To have Ryan described as a beautiful mystery is fitting in so many ways. He is far and away the most beautiful thing I've ever done in my whole life. And the reasons why he had to slip away from us will forever be the greatest mystery in my life.
And now, he will forever be a mystery. I don't like to spend too much time thinking about what he would be like now, if he lived. I find it doesn't help me. Mostly because I'm not good at it. I lack the imagination to picture how his features would have grown and changed. To determine whose personality traits he would have picked up. Would he have a stubborn streak, a hot temper, and silly personality like me?
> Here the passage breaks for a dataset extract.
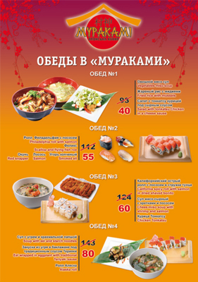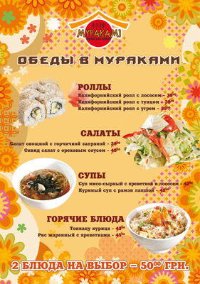 Если Вы любите совмещать полезное с приятным, то комплексные обеды в ресторанах «Мураками» именно для Вас! Каждый день с 12:00 по 17:00 в «Мураками» на Подоле, Позняках, Крещатике, а также в ТЦ Пирамида и ТЦ Магелан действуют специальные обеденные предложения.

Would he be sweet, kind-hearted, and super-smiley like his dad? I don't know the answers to these questions and I won't until we meet again someday.
But I have on occasion done this horrible thing, where I log on to BabyCenter's mom groups and scroll through what used to be my birth group with Ryan: the September 2015 group. And I try to learn about where he'd be right now. Would he be walking? Saying any words? What kinds of foods would he be eating? What activities would we be doing? I browse the photos of moms and dads out apple picking with their little ones, all Ryan's age, and think: "This is who he'd be now."
And it doesn't make me feel better. It makes me sad. And it makes me so angry to read the posts from moms lamenting:
"Where does time go?"
"My baby is getting too big!"
"I want my little baby back!"
No, lady. I want my baby back. I want my beautiful mystery to not be such a mystery. I want to know everything about him in the way that you get to know everything about your children. I don't want to pretend and imagine.
Ryan is a beautiful mystery, and every day I wish that he wasn't.